▶ [WHAT IS NEEDED] Once the pictures are set aside, reproduce the remaining data exactly.

▶ [DATASET SECTION]
******

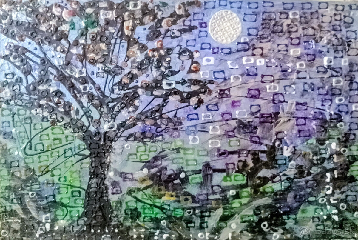 Maľba kombinovanou technikou, na sololite. Ďa sa zavesiť. Rozmer 60x 40 CM. Rok 2021.
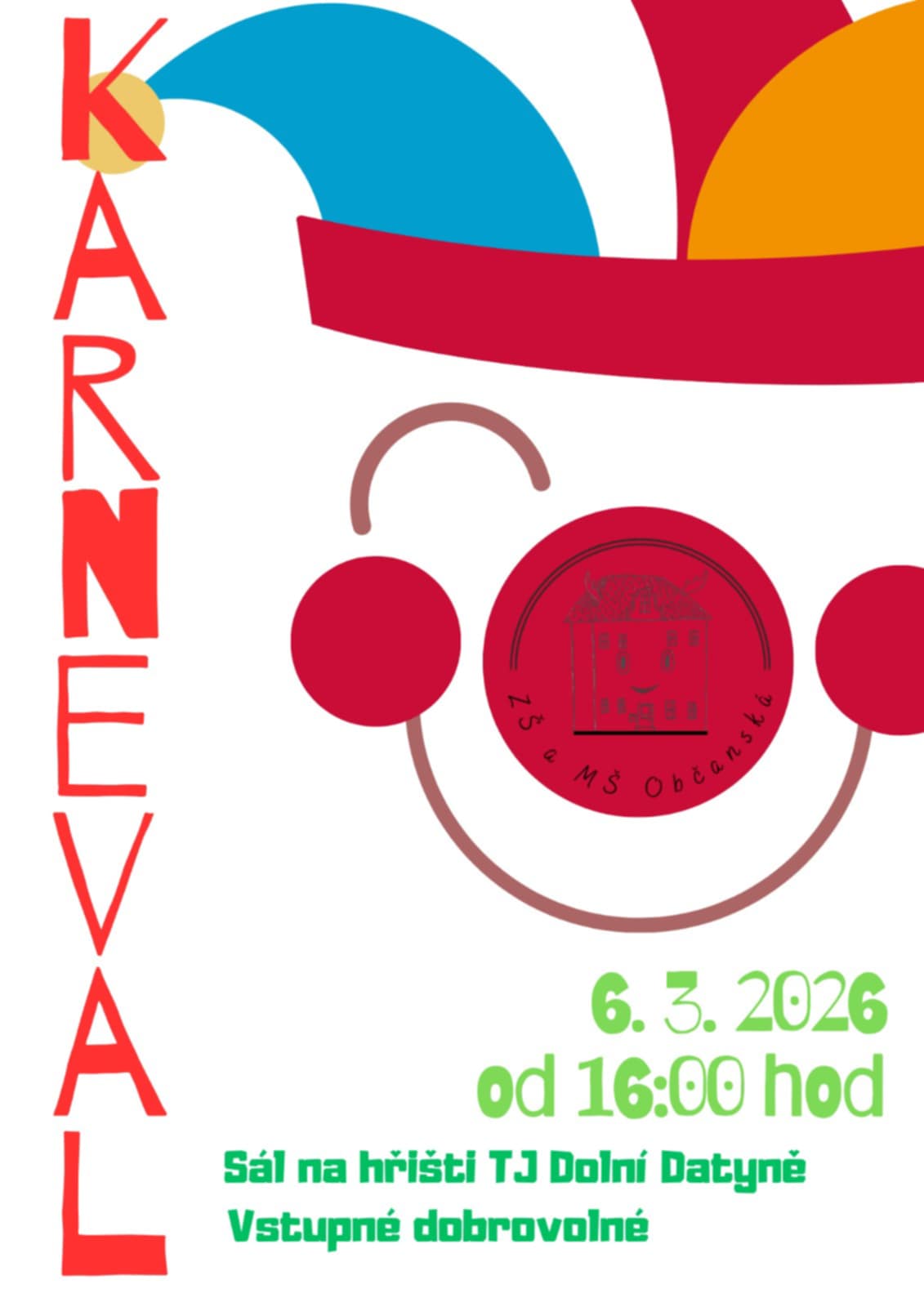 ZŠ a MŠ OBČANSKÁ a KLUB RODIČŮ ZVOU NA KARNEVAL, který se koná 6.3.2026 od 16:00.
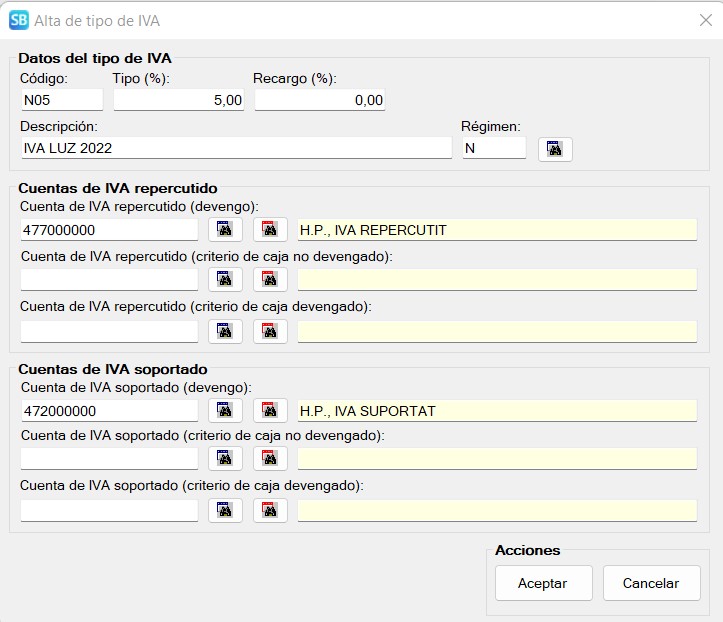 • Dado que la aplicación del nuevo tipo no es universal y tiene un ámbito de fechas de aplicación, el tipo de IVA no se da de alta de forma automática en SBConta.NET. Si lo precisa deberá acceder a la opción IVA-Tipos de IVA y dar de alta el mismo (código N05, régimen N, porcentaje 5%).

******

▶ [THE ANSWER]
 Maľba kombinovanou technikou, na sololite. Ďa sa zavesiť. Rozmer 60x 40 CM. Rok 2021.
 ZŠ a MŠ OBČANSKÁ a KLUB RODIČŮ ZVOU NA KARNEVAL, který se koná 6.3.2026 od 16:00.
 • Dado que la aplicación del nuevo tipo no es universal y tiene un ámbito de fechas de aplicación, el tipo de IVA no se da de alta de forma automática en SBConta.NET. Si lo precisa deberá acceder a la opción IVA-Tipos de IVA y dar de alta el mismo (código N05, régimen N, porcentaje 5%).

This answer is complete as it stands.